PROMPT: Write out the listing below character for character, though without its pictures.
*** INFORMATION SHOWN Section Begins ***
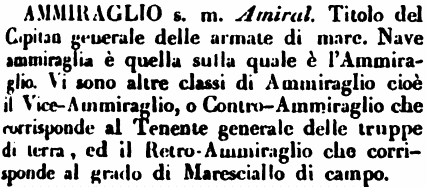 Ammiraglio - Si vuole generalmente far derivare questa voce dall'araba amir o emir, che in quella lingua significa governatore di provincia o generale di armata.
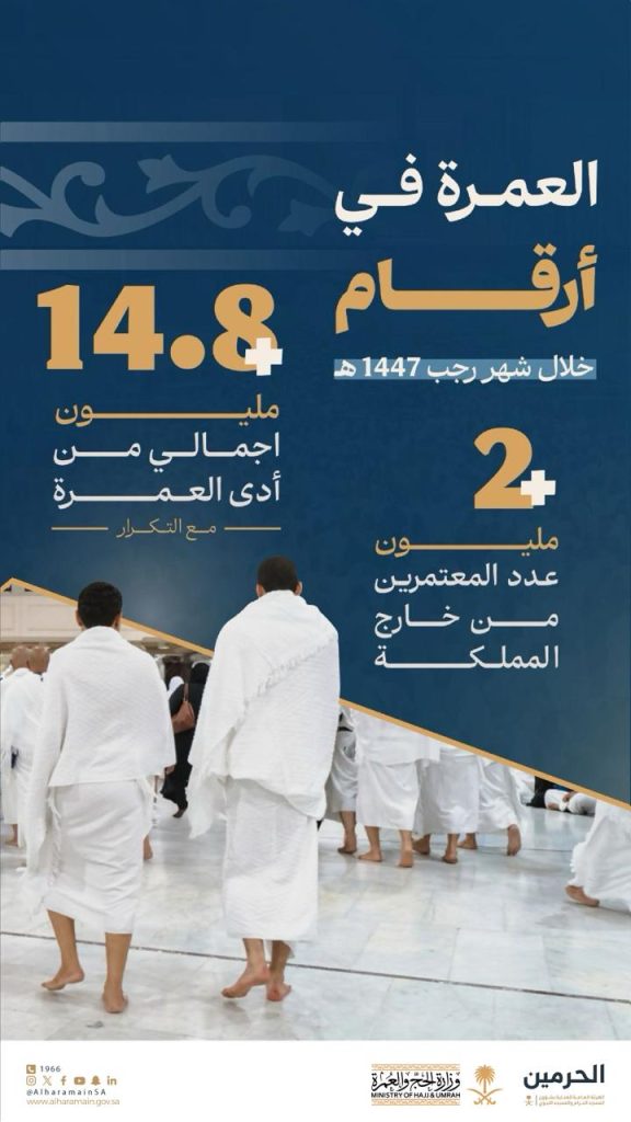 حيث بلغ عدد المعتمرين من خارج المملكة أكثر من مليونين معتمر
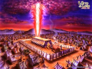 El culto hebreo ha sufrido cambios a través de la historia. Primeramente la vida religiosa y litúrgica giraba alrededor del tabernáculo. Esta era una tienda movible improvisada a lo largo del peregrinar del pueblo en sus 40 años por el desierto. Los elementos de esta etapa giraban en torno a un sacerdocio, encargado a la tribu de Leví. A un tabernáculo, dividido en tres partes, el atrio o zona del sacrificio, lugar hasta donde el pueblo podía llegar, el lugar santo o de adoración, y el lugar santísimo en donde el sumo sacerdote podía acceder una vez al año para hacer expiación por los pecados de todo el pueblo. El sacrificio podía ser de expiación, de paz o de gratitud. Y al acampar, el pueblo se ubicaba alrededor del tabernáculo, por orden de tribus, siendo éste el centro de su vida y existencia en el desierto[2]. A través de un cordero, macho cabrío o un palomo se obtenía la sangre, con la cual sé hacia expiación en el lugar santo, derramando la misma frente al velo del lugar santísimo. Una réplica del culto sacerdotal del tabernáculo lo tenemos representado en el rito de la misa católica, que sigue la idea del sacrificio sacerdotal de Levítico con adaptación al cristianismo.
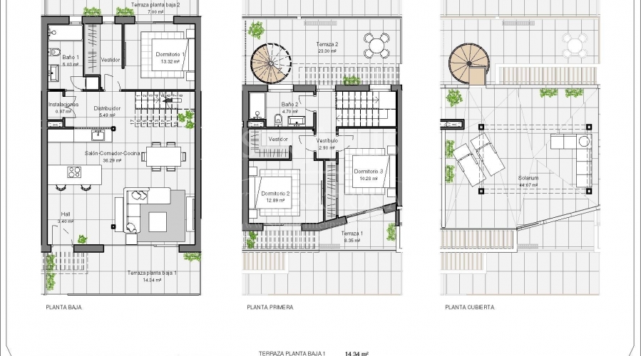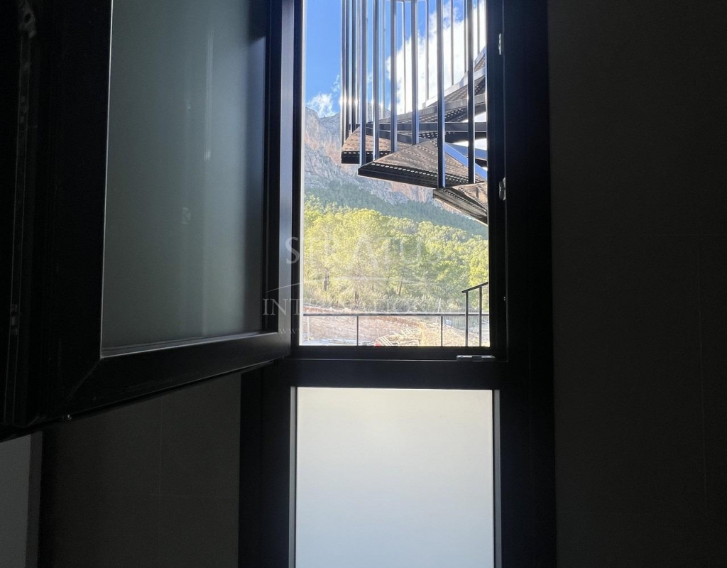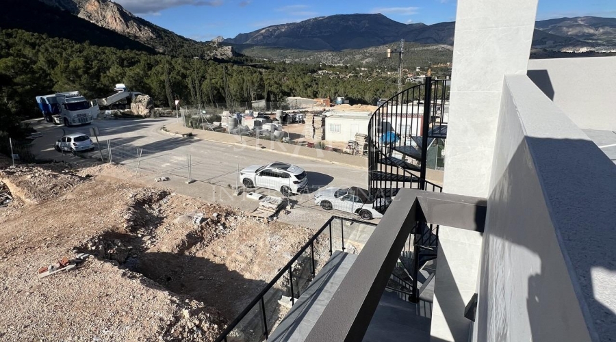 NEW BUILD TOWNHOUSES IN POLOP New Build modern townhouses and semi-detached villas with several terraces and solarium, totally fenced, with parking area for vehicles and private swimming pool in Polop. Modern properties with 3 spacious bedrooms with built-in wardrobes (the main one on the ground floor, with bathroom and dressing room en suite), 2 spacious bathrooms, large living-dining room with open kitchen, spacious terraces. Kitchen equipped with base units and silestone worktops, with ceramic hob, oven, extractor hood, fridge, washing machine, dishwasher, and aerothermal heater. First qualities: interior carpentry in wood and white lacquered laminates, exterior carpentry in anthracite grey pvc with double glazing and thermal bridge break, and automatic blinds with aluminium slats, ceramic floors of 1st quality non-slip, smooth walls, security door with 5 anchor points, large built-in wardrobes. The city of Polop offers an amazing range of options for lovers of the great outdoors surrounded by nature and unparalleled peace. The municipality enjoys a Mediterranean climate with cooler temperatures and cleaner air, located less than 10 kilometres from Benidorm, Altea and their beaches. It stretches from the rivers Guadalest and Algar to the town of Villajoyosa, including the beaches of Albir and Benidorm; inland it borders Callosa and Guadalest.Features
*** INFORMATION SHOWN Section Ends ***
RESULT OF THIS TASK:
 Ammiraglio - Si vuole generalmente far derivare questa voce dall'araba amir o emir, che in quella lingua significa governatore di provincia o generale di armata.
 حيث بلغ عدد المعتمرين من خارج المملكة أكثر من مليونين معتمر
 El culto hebreo ha sufrido cambios a través de la historia. Primeramente la vida religiosa y litúrgica giraba alrededor del tabernáculo. Esta era una tienda movible improvisada a lo largo del peregrinar del pueblo en sus 40 años por el desierto. Los elementos de esta etapa giraban en torno a un sacerdocio, encargado a la tribu de Leví. A un tabernáculo, dividido en tres partes, el atrio o zona del sacrificio, lugar hasta donde el pueblo podía llegar, el lugar santo o de adoración, y el lugar santísimo en donde el sumo sacerdote podía acceder una vez al año para hacer expiación por los pecados de todo el pueblo. El sacrificio podía ser de expiación, de paz o de gratitud. Y al acampar, el pueblo se ubicaba alrededor del tabernáculo, por orden de tribus, siendo éste el centro de su vida y existencia en el desierto[2]. A través de un cordero, macho cabrío o un palomo se obtenía la sangre, con la cual sé hacia expiación en el lugar santo, derramando la misma frente al velo del lugar santísimo. Una réplica del culto sacerdotal del tabernáculo lo tenemos representado en el rito de la misa católica, que sigue la idea del sacrificio sacerdotal de Levítico con adaptación al cristianismo.
 NEW BUILD TOWNHOUSES IN POLOP New Build modern townhouses and semi-detached villas with several terraces and solarium, totally fenced, with parking area for vehicles and private swimming pool in Polop. Modern properties with 3 spacious bedrooms with built-in wardrobes (the main one on the ground floor, with bathroom and dressing room en suite), 2 spacious bathrooms, large living-dining room with open kitchen, spacious terraces. Kitchen equipped with base units and silestone worktops, with ceramic hob, oven, extractor hood, fridge, washing machine, dishwasher, and aerothermal heater. First qualities: interior carpentry in wood and white lacquered laminates, exterior carpentry in anthracite grey pvc with double glazing and thermal bridge break, and automatic blinds with aluminium slats, ceramic floors of 1st quality non-slip, smooth walls, security door with 5 anchor points, large built-in wardrobes. The city of Polop offers an amazing range of options for lovers of the great outdoors surrounded by nature and unparalleled peace. The municipality enjoys a Mediterranean climate with cooler temperatures and cleaner air, located less than 10 kilometres from Benidorm, Altea and their beaches. It stretches from the rivers Guadalest and Algar to the town of Villajoyosa, including the beaches of Albir and Benidorm; inland it borders Callosa and Guadalest.Features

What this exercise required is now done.